WORK ORDER:
Please repeat only the lines below starting at the line that holds "These are undeniably" and ending at the line that holds "12月15日至17日,陕西省", exactly, with both of those lines included and every picture omitted.

DATA SHOWN:
------------------------------------

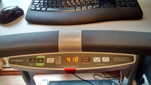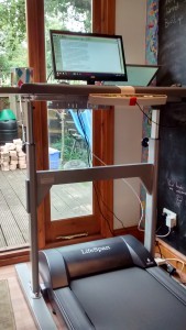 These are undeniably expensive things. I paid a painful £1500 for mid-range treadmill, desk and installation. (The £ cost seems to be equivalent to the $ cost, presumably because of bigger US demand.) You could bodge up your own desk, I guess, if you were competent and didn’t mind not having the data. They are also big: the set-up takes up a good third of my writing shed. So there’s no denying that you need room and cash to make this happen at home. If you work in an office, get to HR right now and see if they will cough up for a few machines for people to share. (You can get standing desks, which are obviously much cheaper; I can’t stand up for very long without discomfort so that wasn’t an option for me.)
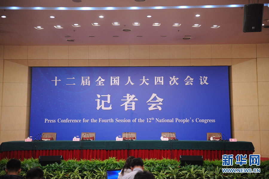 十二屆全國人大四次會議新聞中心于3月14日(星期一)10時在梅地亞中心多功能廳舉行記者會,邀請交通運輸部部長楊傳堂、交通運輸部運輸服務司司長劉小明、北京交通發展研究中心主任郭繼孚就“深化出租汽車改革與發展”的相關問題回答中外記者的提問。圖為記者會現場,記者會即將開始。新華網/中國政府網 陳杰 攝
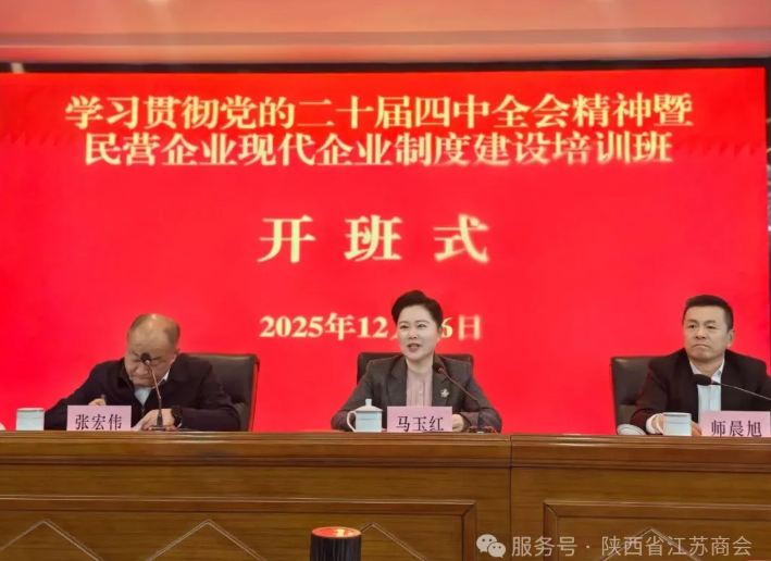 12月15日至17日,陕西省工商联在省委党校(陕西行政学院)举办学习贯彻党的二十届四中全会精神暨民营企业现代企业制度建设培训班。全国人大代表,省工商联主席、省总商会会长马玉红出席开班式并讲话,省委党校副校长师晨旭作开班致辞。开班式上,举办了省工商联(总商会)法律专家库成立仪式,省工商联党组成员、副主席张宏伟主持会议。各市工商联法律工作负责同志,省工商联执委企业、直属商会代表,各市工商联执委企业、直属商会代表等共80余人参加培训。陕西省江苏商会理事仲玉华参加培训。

------------------------------------

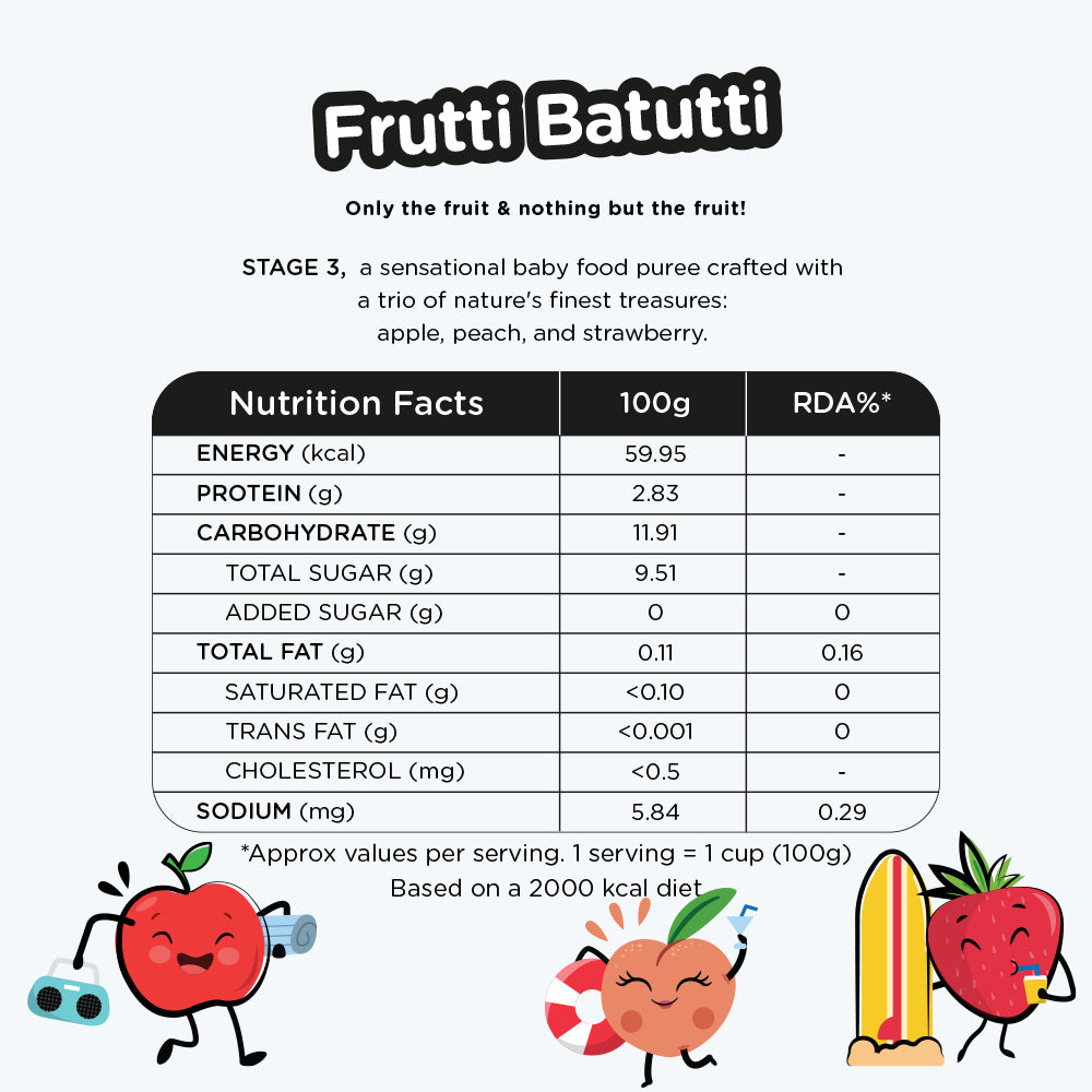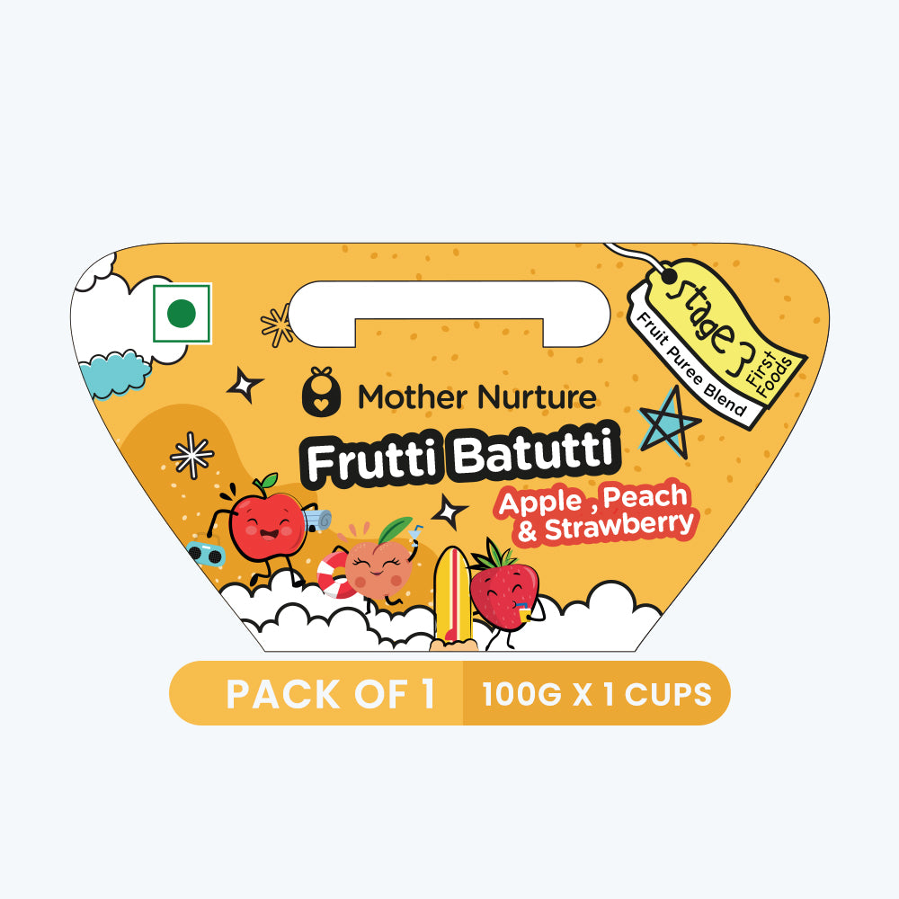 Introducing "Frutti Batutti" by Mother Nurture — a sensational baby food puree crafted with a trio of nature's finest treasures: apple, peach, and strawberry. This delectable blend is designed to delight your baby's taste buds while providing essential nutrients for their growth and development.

------------------------------------

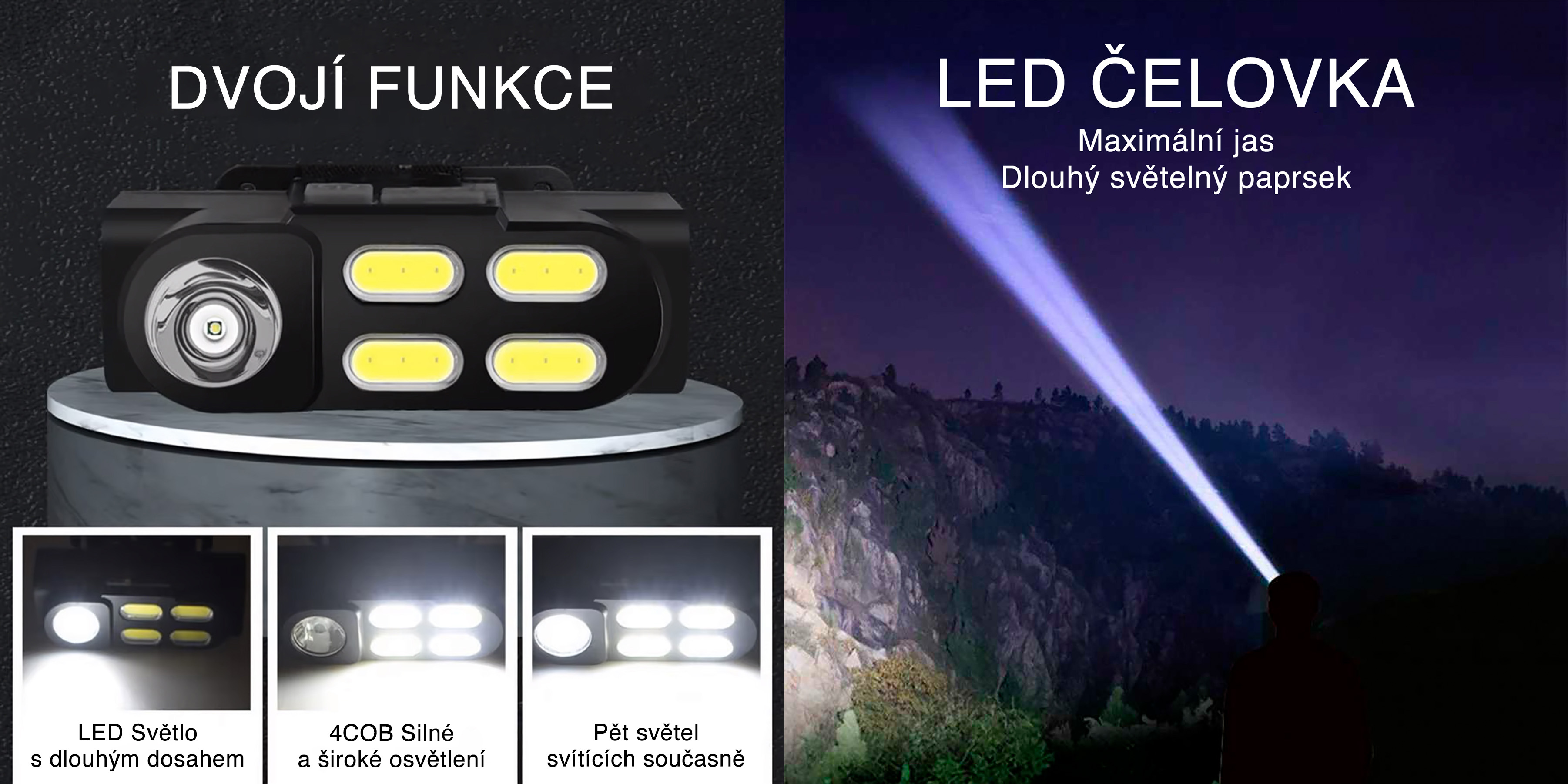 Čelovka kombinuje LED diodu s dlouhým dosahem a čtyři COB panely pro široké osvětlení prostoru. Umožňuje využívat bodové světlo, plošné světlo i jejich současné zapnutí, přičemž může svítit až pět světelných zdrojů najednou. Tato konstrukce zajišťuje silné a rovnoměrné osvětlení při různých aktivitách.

------------------------------------

EXPECTED ANSWER:
 These are undeniably expensive things. I paid a painful £1500 for mid-range treadmill, desk and installation. (The £ cost seems to be equivalent to the $ cost, presumably because of bigger US demand.) You could bodge up your own desk, I guess, if you were competent and didn’t mind not having the data. They are also big: the set-up takes up a good third of my writing shed. So there’s no denying that you need room and cash to make this happen at home. If you work in an office, get to HR right now and see if they will cough up for a few machines for people to share. (You can get standing desks, which are obviously much cheaper; I can’t stand up for very long without discomfort so that wasn’t an option for me.)
 十二屆全國人大四次會議新聞中心于3月14日(星期一)10時在梅地亞中心多功能廳舉行記者會,邀請交通運輸部部長楊傳堂、交通運輸部運輸服務司司長劉小明、北京交通發展研究中心主任郭繼孚就“深化出租汽車改革與發展”的相關問題回答中外記者的提問。圖為記者會現場,記者會即將開始。新華網/中國政府網 陳杰 攝
 12月15日至17日,陕西省工商联在省委党校(陕西行政学院)举办学习贯彻党的二十届四中全会精神暨民营企业现代企业制度建设培训班。全国人大代表,省工商联主席、省总商会会长马玉红出席开班式并讲话,省委党校副校长师晨旭作开班致辞。开班式上,举办了省工商联(总商会)法律专家库成立仪式,省工商联党组成员、副主席张宏伟主持会议。各市工商联法律工作负责同志,省工商联执委企业、直属商会代表,各市工商联执委企业、直属商会代表等共80余人参加培训。陕西省江苏商会理事仲玉华参加培训。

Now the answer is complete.